Hotels in Krakow
Krakow is cosmopolitan city and a cultural hub of Poland, gaining the title of European City of Culture in 2000. Having celebrated its 750th birthday in 2007, the city is steeped in history, with fantastic Renaissance and Gothic architecture, much of which survived the Second World War, unlike many Polish cities. From quaint Krakow hotels to the ambience and charm of the Old Town, to the vibrant galleries, bars and restaurants in the Jewish district, Kazimierz, it’s no wonder that Krakow is tourist hotspot.

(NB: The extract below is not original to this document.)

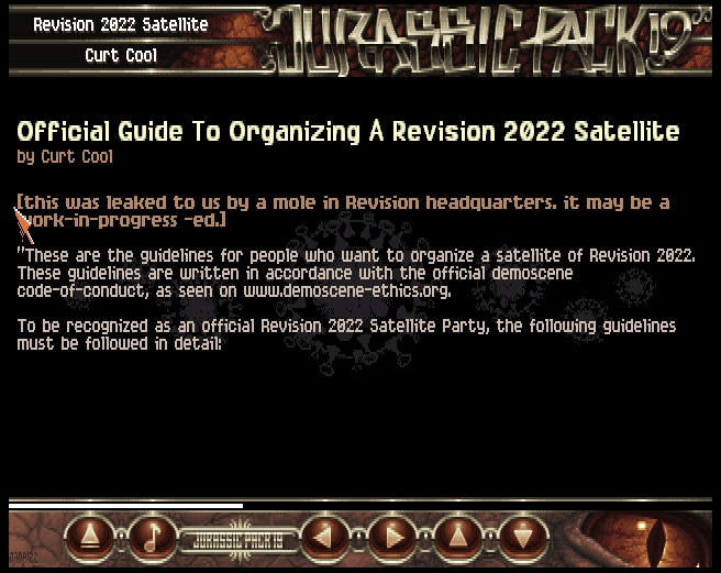 These are the guidelines for people who want to organize a satellite of Revision 2022. These guidelines are written in accordance with the official demoscene code-of-conduct, as seen on www.demoscene-ethics.org.

An imposing Gothic church containing sculptures and art works of its period
The perfect route to Wawel Hill with its ancient streets and beautiful Renaissance buildings
Take a look at the cures and potions of ancient apothecary
Among the city’s treasures is Wawel Hill, home to Wawel Cathedral and Wawel Castle, both of which are must-see attractions. Wawel Castle was the political centre of Poland up until the 16th century and as the country’s former capital you can really get a feel for Poland’s rich heritage here. Most of Poland’s coronations as well as burials occurred in Wawel Cathedral and it’s possible to climb the tower to enjoy the panoramic views of the city, as well as admire the Sigismund Bell, weighing around 10,000kg.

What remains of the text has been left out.